- What to do
No pictures should appear in the copy; otherwise retype the entries exactly.

_ _ _ _ _ _ _

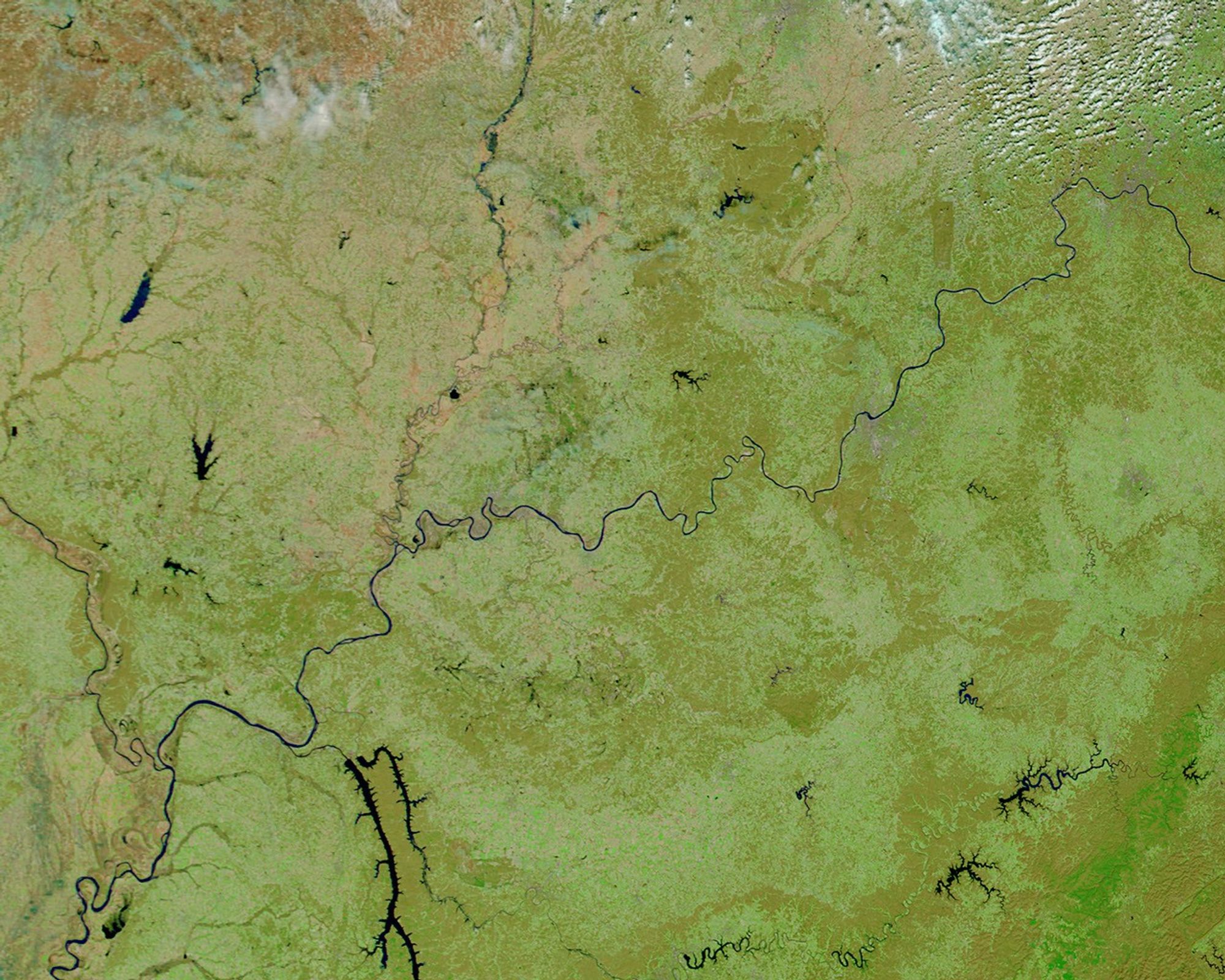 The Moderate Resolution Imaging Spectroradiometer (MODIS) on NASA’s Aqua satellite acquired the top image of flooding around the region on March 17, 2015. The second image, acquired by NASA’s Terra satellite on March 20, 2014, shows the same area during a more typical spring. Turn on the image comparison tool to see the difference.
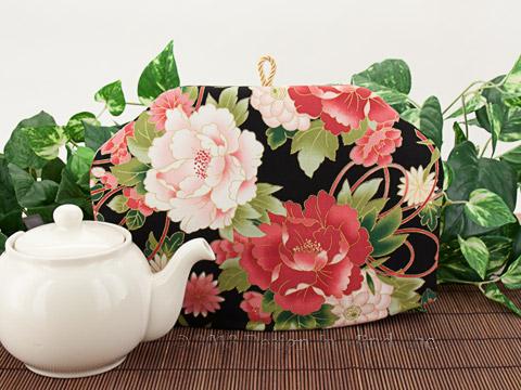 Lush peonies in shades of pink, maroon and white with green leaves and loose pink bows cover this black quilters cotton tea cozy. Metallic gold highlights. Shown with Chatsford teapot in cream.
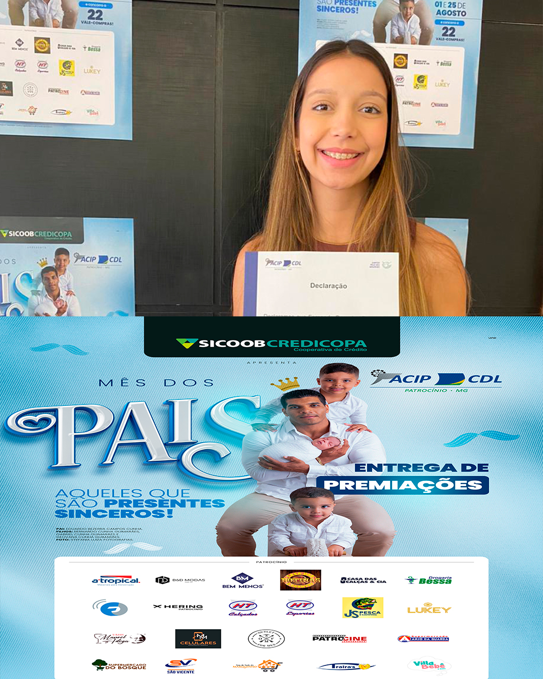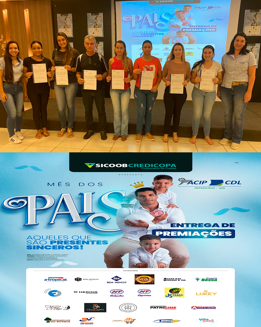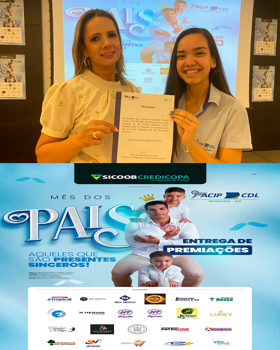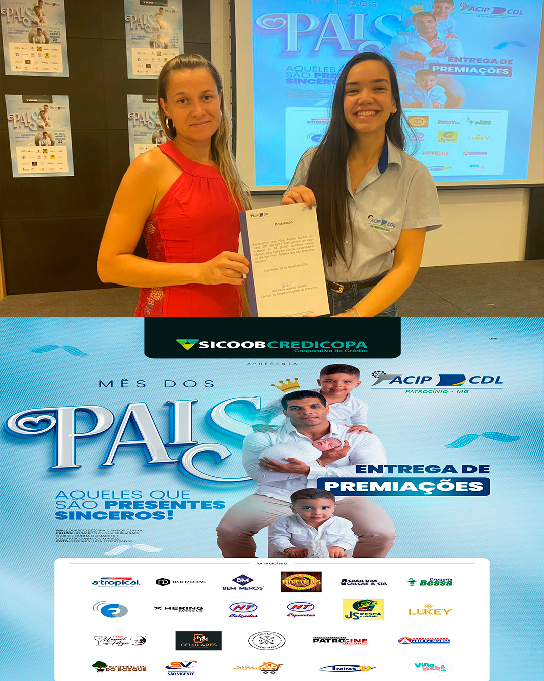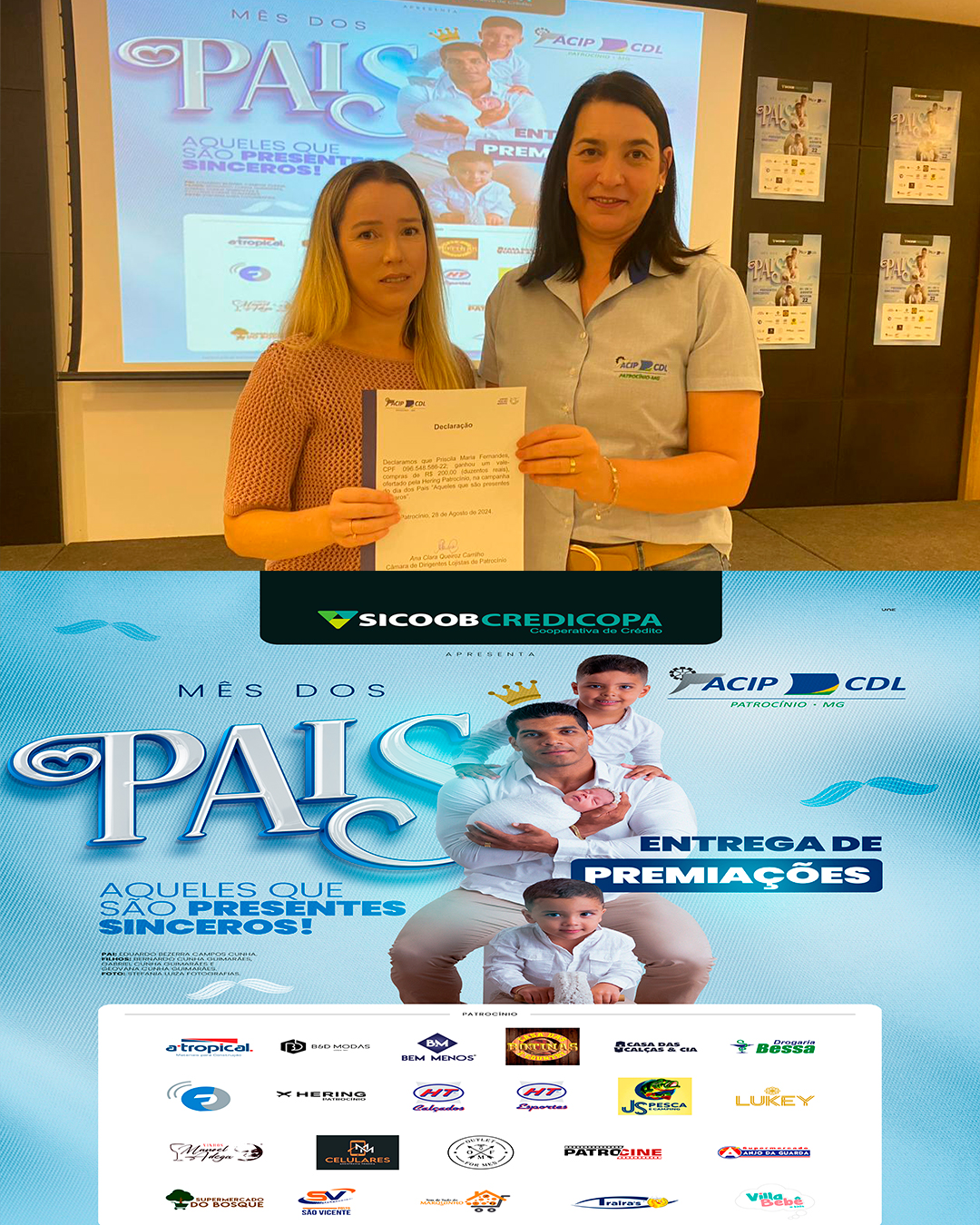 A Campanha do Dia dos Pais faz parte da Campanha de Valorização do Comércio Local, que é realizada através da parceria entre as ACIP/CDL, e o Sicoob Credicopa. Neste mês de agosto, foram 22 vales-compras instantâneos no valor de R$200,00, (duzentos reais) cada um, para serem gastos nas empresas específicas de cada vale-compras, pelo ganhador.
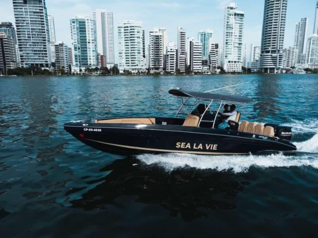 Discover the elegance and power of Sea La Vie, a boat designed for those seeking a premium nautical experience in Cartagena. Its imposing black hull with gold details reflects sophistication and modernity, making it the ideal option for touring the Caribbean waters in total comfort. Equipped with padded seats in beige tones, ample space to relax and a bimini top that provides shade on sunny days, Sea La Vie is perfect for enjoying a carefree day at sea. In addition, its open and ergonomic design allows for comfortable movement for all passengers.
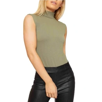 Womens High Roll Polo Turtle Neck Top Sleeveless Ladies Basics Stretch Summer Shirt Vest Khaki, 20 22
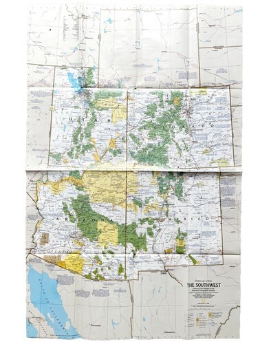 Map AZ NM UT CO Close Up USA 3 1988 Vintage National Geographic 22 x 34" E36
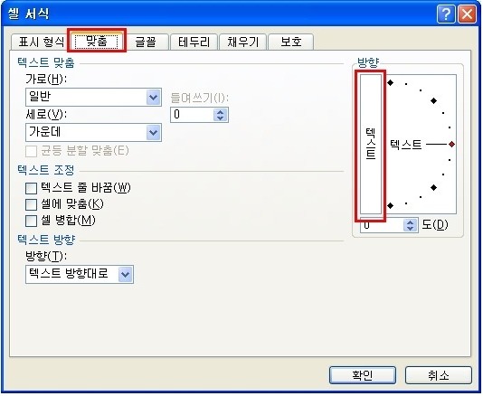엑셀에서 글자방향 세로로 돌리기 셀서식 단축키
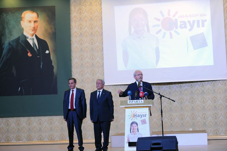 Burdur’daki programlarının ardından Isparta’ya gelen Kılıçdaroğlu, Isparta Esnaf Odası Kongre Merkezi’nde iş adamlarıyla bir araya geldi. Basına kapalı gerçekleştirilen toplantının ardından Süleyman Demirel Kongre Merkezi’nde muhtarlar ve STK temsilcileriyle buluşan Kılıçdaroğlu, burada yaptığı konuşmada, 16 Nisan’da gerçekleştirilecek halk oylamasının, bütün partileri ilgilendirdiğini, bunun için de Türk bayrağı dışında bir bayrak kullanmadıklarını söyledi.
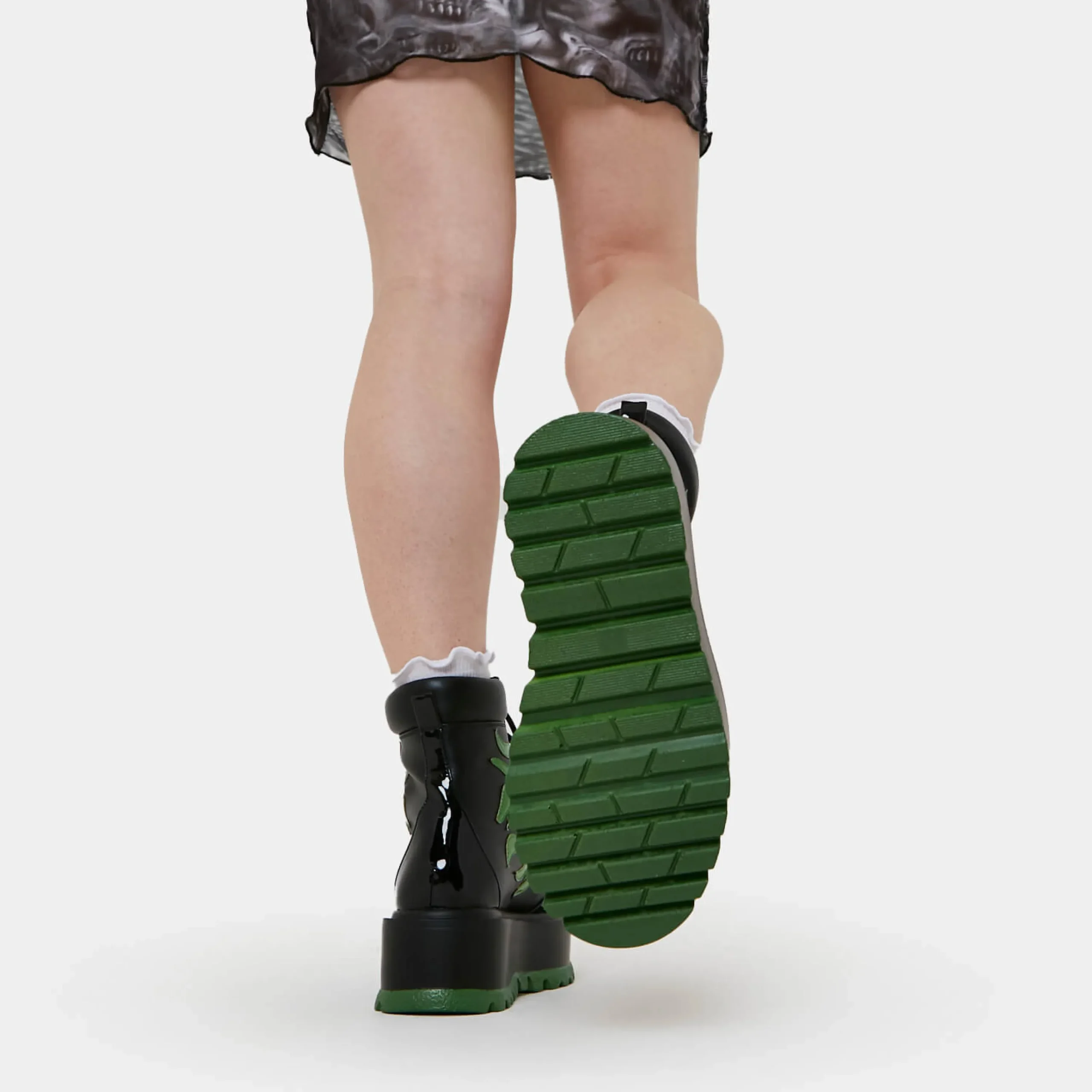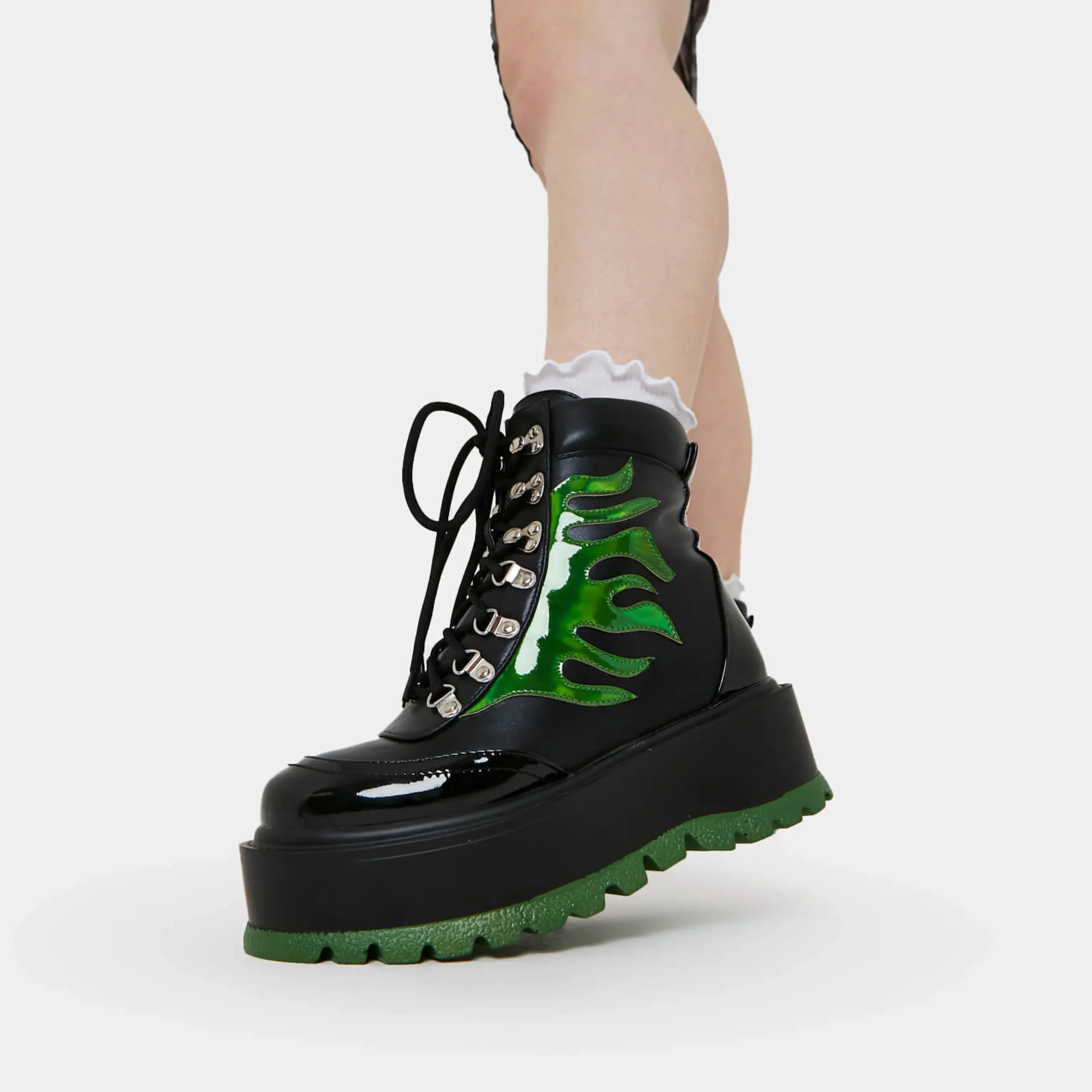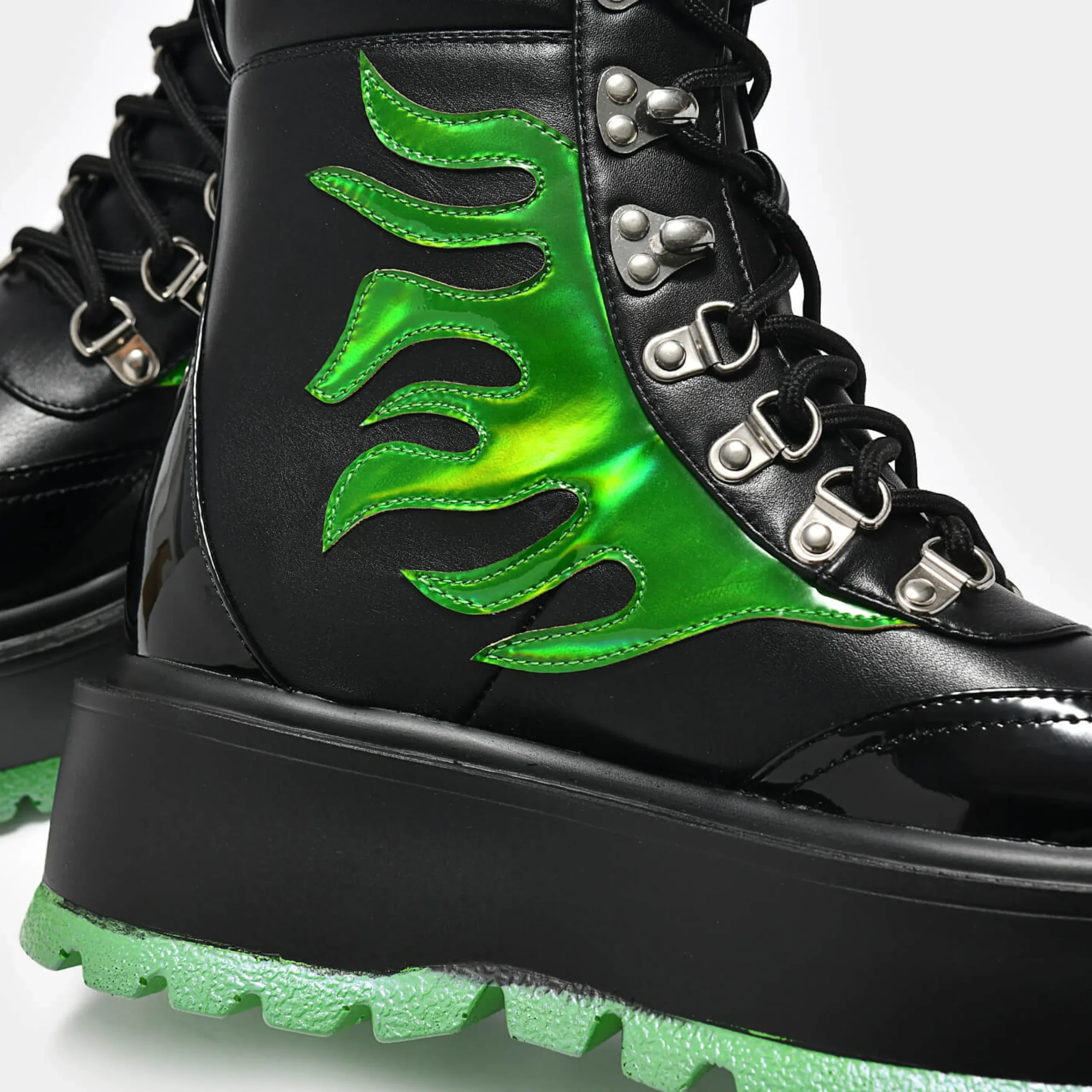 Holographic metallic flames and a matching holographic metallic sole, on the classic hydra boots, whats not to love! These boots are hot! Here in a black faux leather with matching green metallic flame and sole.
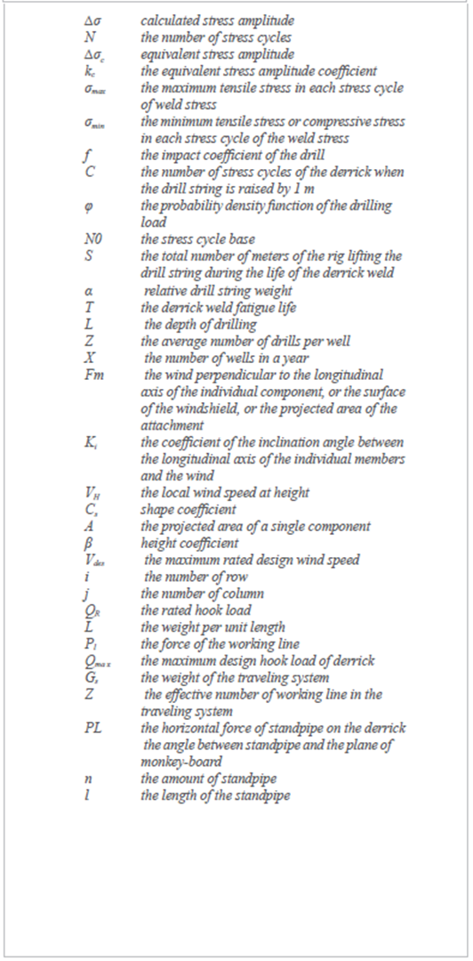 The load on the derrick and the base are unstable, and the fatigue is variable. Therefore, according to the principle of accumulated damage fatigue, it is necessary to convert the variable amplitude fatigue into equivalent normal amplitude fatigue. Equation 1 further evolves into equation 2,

_ _ _ _ _ _ _

- Exercise output
 The Moderate Resolution Imaging Spectroradiometer (MODIS) on NASA’s Aqua satellite acquired the top image of flooding around the region on March 17, 2015. The second image, acquired by NASA’s Terra satellite on March 20, 2014, shows the same area during a more typical spring. Turn on the image comparison tool to see the difference.
 Lush peonies in shades of pink, maroon and white with green leaves and loose pink bows cover this black quilters cotton tea cozy. Metallic gold highlights. Shown with Chatsford teapot in cream.
 A Campanha do Dia dos Pais faz parte da Campanha de Valorização do Comércio Local, que é realizada através da parceria entre as ACIP/CDL, e o Sicoob Credicopa. Neste mês de agosto, foram 22 vales-compras instantâneos no valor de R$200,00, (duzentos reais) cada um, para serem gastos nas empresas específicas de cada vale-compras, pelo ganhador.
 Discover the elegance and power of Sea La Vie, a boat designed for those seeking a premium nautical experience in Cartagena. Its imposing black hull with gold details reflects sophistication and modernity, making it the ideal option for touring the Caribbean waters in total comfort. Equipped with padded seats in beige tones, ample space to relax and a bimini top that provides shade on sunny days, Sea La Vie is perfect for enjoying a carefree day at sea. In addition, its open and ergonomic design allows for comfortable movement for all passengers.
 Womens High Roll Polo Turtle Neck Top Sleeveless Ladies Basics Stretch Summer Shirt Vest Khaki, 20 22
 Map AZ NM UT CO Close Up USA 3 1988 Vintage National Geographic 22 x 34" E36
엑셀에서 글자방향 세로로 돌리기 셀서식 단축키
 Burdur’daki programlarının ardından Isparta’ya gelen Kılıçdaroğlu, Isparta Esnaf Odası Kongre Merkezi’nde iş adamlarıyla bir araya geldi. Basına kapalı gerçekleştirilen toplantının ardından Süleyman Demirel Kongre Merkezi’nde muhtarlar ve STK temsilcileriyle buluşan Kılıçdaroğlu, burada yaptığı konuşmada, 16 Nisan’da gerçekleştirilecek halk oylamasının, bütün partileri ilgilendirdiğini, bunun için de Türk bayrağı dışında bir bayrak kullanmadıklarını söyledi.
 Holographic metallic flames and a matching holographic metallic sole, on the classic hydra boots, whats not to love! These boots are hot! Here in a black faux leather with matching green metallic flame and sole.
 The load on the derrick and the base are unstable, and the fatigue is variable. Therefore, according to the principle of accumulated damage fatigue, it is necessary to convert the variable amplitude fatigue into equivalent normal amplitude fatigue. Equation 1 further evolves into equation 2,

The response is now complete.